Of boxes and books and signing pens:

Three boxes of signed-and-personalized books left the Confusion Factory by FedEx yesterday afternoon, and should be arriving at Uncle Hugo's this (Friday) afternoon.  Let us all sing the praises of Eddie, the FedEx guy.

The other ten boxes of books are to travel via UPS.  We called them yesterday for a pick-up, but -- because we live 'Way Out In The Country -- the soonest they could get together a safari to come into the bush was today.  The books will, therefore, arrive in Minneapolis Sometime Later next week,  We hope for Wednesday, but expect Thursday.

Two gel pens gave their lives to this project.  Mourn them as you find best.


No writing yesterday, except the signature kind.  Must do dishes, and Serious Work today, despite the blandishments of coon cats, who want me to go back to bed.


I let the purple wash out of my hair after BaltiCon, and for several weeks, no one has mentioned my hair.  I did not quite slip back into total invisibility, but, I did have to Talk Loud a couple times.

Last night, I started to re-purple, in honor of the upcoming book tour.


And that's all the news that's fit to print.

Everybody have a good Friday.

I need a sign. . .

Tuesday, June 28th, 2016 10:53 am
rolanni: (Flying Monkey!)

Mail arrived; no check.  At this point, I'm expecting that it got on the bus to Massachusetts (Massachusetts being "MA" according to the Post Office and Maine being "ME"; many people unfamiliar with addressing envelopes Simply Assume that Maine is "MA") and will be returned as "addressee unknown" to the agency in ten days or a month.

The betting pool is still open on whether or not the books arrive today.

Let's see. . .

Answer to question from the Roll Call:  Yes, we will be visiting Annie's Bookstop in Worcester on Friday, July 8, at 7 pm.  I talked to Trisha last night; she's not sure what happened to the calendar listing, but states that It Shall Be Fixed.  In the meantime, she sent along this link.  Hope to see lots of you there!

Considering all the questions which have been asked in Roll Call, I have a Question of my own:  Is it easier to ask a question where you know it won't be seen by anyone except, in this case, me?

On the schedule today is a podcast interview, writing, and staring out the window.

Yesterday, I did not write, but opted to read and rest my fingers after paying the scariest of the bills on the desk.

They say partly cloudy today, here, with thunderstorms on the overnight.

. . .and that's all I've got.

Everybody stay cool.


Today's blog title is brought to you by Train, "Calling All Angels."  Here's your link.

rolanni: (Saving world)

No checks in today's mail, either.


*looks at pile of bills on desk*

This is going to be interesting.


Moving on -- Answers to questions from the Roll Call!

*Sword of Orion was written as a work for hire -- that means the publisher owns the copyright, the ideas, and the characters.

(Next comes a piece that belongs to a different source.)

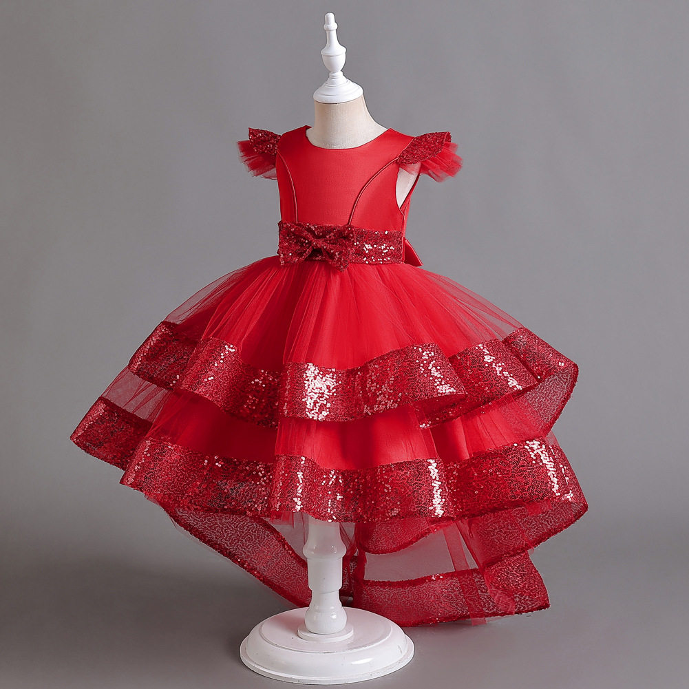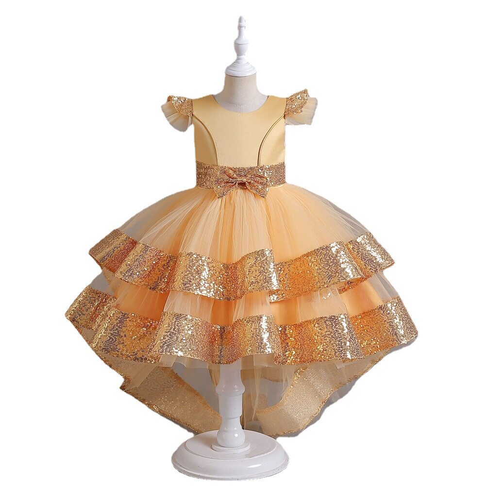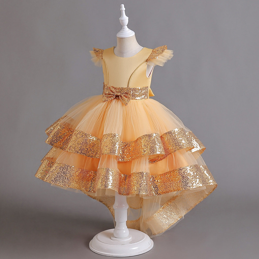 girls princess dress mesh tutu skirt little host flower girl sequin piano performance dress

The publisher went out of business after releasing the first books in about six series, one of which was the Sword of Orion series.  Therefore!  No more Sword of Orion stories.

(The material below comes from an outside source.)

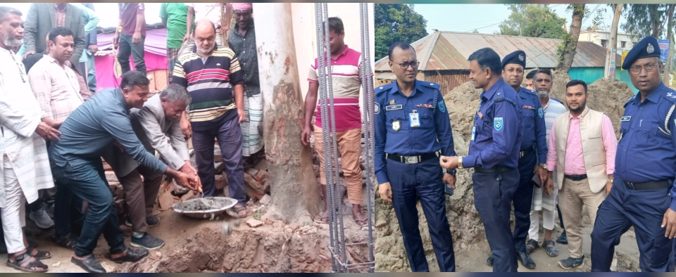 The foundation stone of a new three-storied building has been laid at Jame Masjid, Saghata Thana Headquarters, Gaibandha. The construction work was officially inaugurated by the initiative of Monir Hossain, Officers-in-Charge (OC) of Saghata police station after Zohar prayers on Thursday.

*Er, no, I actually wouldn't move to Liad, if I could.  For one thing, as a non-Liaden, I would be beneath most people's notice, not to say contempt, except if I managed to insult somebody, which the odds are good that I'd do so within ten minutes of achieving the Port.  I'd rather go someplace where my life expectancy would be longer than ten minutes.

*The Gathering Edge will not be published until May 2017, that is correct.  In the larger scheme of things in publishing, that's really hardly any time at all.  No, I'm afraid we can't write much faster than we already do.


Today, I learned things.

I learned that orange sticks (aka "cuticle shapers") are now made out of plastic.  They used to be made out of orange wood, but apparently not anymore.

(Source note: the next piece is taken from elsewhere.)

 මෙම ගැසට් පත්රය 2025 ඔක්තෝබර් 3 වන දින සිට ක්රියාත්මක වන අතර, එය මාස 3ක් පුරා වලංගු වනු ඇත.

I learned that I can prop my tablet up on the little ledge built into the treadmill at the gym and read as I walk.  And! I don't have to worry about walking into a wall, when I do.

I learned that Microsoft thinks that a $1,000 tablet can "replace" my laptop, which costs 1/3 of that amount.  Research indicates that it does neither the dishes nor laundry, so I fail to see the advantage.

I also learned that my fingers -- my fingers, not my wrists, which is usually the case -- apparently took a beating yesterday, and if I'm a Schmott Guy, which really isn't the way to bet, I'll give them a break today.


Do I have any Hollywood historians here, or perhaps a Mae West aficionado?  I was wondering if she actually needed the stick she often had with her, or if it was only a fashion accessory.


Don't forget that Steve and I will be at Flights of Fantasy in Albany, New York on Tuesday, July 5 to celebrate Alliance of Equals' book day!  Be there or be somewhere else!


In other news, I wrote about 2,200 words yesterday, for a net gain to the manuscript of. . .33 words.  I think that we are now at an end of Backward Growth, and will be proceeding from here on in a forwarder direction.

You heard it here, first.


Progress on Book the Next
36,569/100,000 words OR 36.57% complete

"I believe it wished me to know that Theo might be in a pickle."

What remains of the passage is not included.